__WORK TASK__.
Write out every entry exactly as given, but omit the pictures.

(Items from a dataset)
■ ■ ■ ■ ■ ■ ■

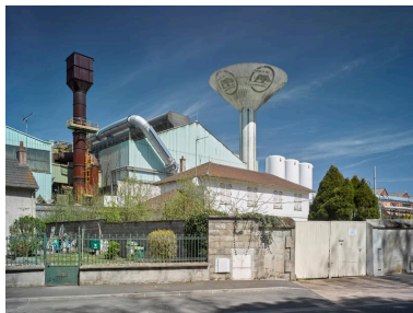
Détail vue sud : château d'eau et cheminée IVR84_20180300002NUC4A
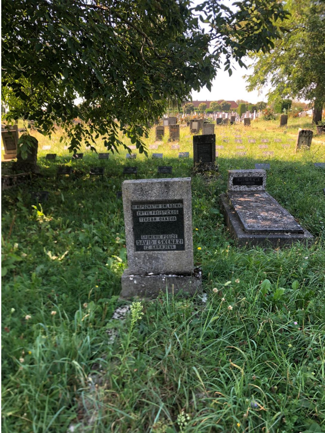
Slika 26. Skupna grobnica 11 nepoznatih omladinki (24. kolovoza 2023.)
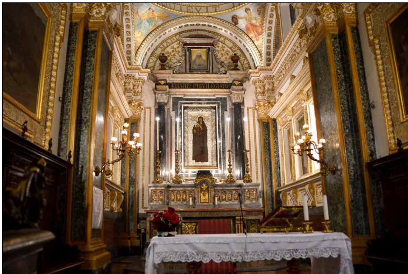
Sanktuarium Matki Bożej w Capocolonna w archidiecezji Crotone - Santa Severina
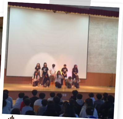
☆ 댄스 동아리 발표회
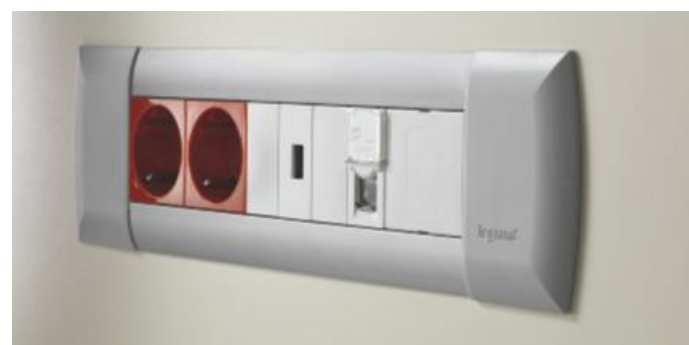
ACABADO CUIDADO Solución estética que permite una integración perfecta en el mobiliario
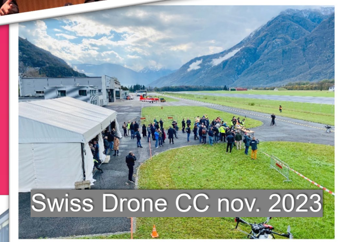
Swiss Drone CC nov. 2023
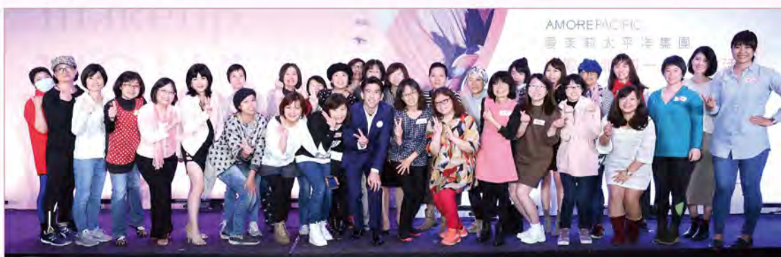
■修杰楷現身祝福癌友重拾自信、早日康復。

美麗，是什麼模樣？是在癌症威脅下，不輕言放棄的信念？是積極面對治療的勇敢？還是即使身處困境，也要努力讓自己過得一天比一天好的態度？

■ ■ ■ ■ ■ ■ ■

__REPLY__.
Détail vue sud : château d'eau et cheminée IVR84_20180300002NUC4A
Slika 26. Skupna grobnica 11 nepoznatih omladinki (24. kolovoza 2023.)
Sanktuarium Matki Bożej w Capocolonna w archidiecezji Crotone - Santa Severina
☆ 댄스 동아리 발표회
ACABADO CUIDADO Solución estética que permite una integración perfecta en el mobiliario
Swiss Drone CC nov. 2023
■修杰楷現身祝福癌友重拾自信、早日康復。

美麗，是什麼模樣？是在癌症威脅下，不輕言放棄的信念？是積極面對治療的勇敢？還是即使身處困境，也要努力讓自己過得一天比一天好的態度？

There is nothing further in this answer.